Sa filiale CDPQ Infra pilote le REM de Montréal, un train léger électrique et automatisé. Un tel mode de transport nécessite l’aménagement de ce que l’on appelle un site dédié exclusif et protégé — d’où les immenses structures de béton à Montréal. C’est bien différent d’un tramway, qui partage la route avec les automobiles.

« Du monde de Québec » à la Caisse

Lors d’une conférence de presse à Québec, le ministre responsable de la Capitale-Nationale, Jonatan Julien, a voulu répondre aux critiques sur le recours à la Caisse de dépôt, dont le siège est à Montréal, faisant valoir qu’il y a au sein de l’institution « bien du monde de Québec ».

« Jean St-Gelais, le président du C.A., est un gars qui connaît très bien Québec. Charles Emond, un chum d’enfance, est un gars qui vient de Québec. Kim Thomassin… Vincent Delisle, pareil, fils de l’ancienne mairesse de Sillery… Du monde de Québec. La Caisse de dépôt est là pour servir le Québec. Et de présumer que ces gens-là n’ont pas les préoccupations, les connaissances pour bien comprendre les enjeux de Québec, je ne suis pas à cette page-là », a-t-il affirmé.

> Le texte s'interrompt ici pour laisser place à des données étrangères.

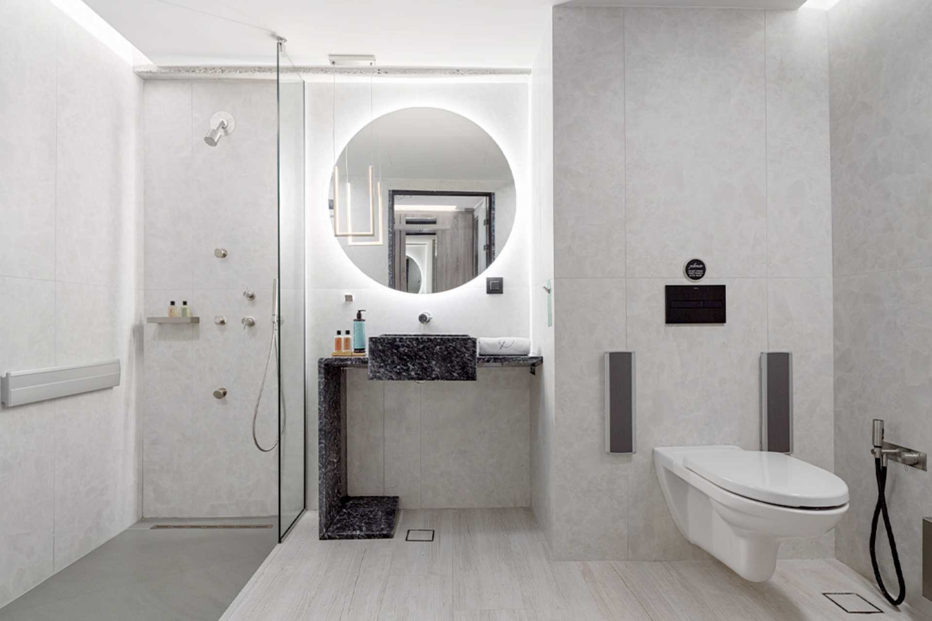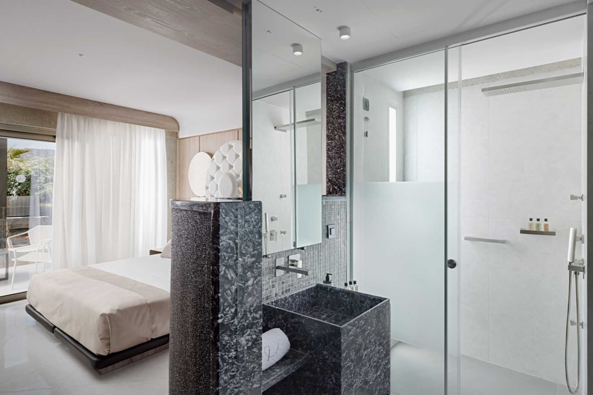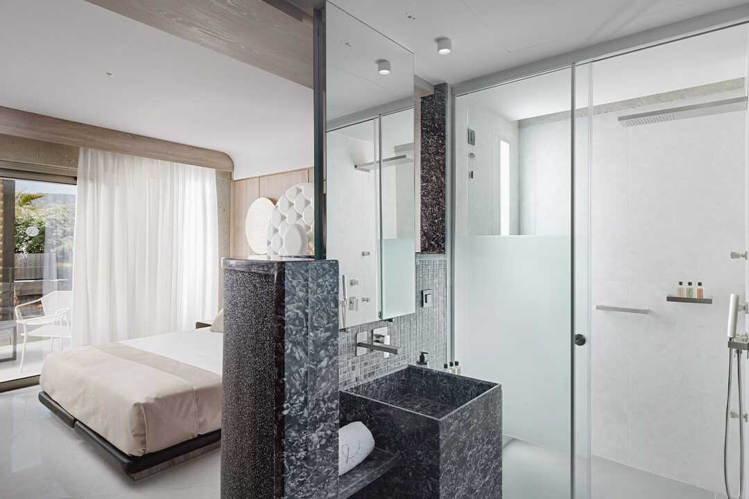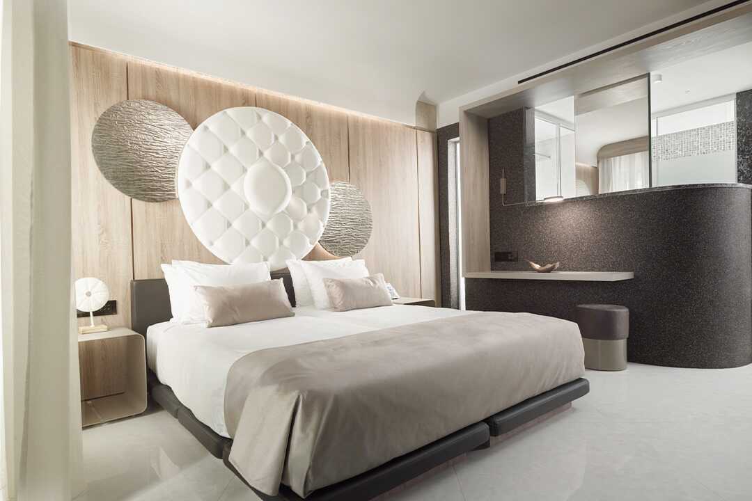 Toromssuiter i etasje med stor balkong, boblebad og havutsikt. Nede er det stue med sovesofa og bad, en trapp opp er det soverom med en dobbeltseng. Putemeny. Wifi, luftkondisjonering og safe inkludert. Minibar. Vannkoker samt kaffe og te. TV. Hårføner. Badekåper og tøfler. Bad med badekar eller dusj og separat wc. Rengjøring 7 ggr/uke.

Maintenant que le gouvernement a décidé de prendre en main le projet de Québec, il faut s’attendre à ce qu’il le confie à sa future agence chargée de piloter les chantiers de transport collectif, voire également les ouvrages routiers majeurs. Le projet de loi de la ministre des Transports, Geneviève Guilbault, ne sera pas déposé d’ici la fin de la session comme prévu. C’est reporté au début de l’an prochain, ce qui signifie une adoption d’ici la fin du printemps. De son côté, la Caisse dispose de six mois pour remettre ses conclusions au gouvernement.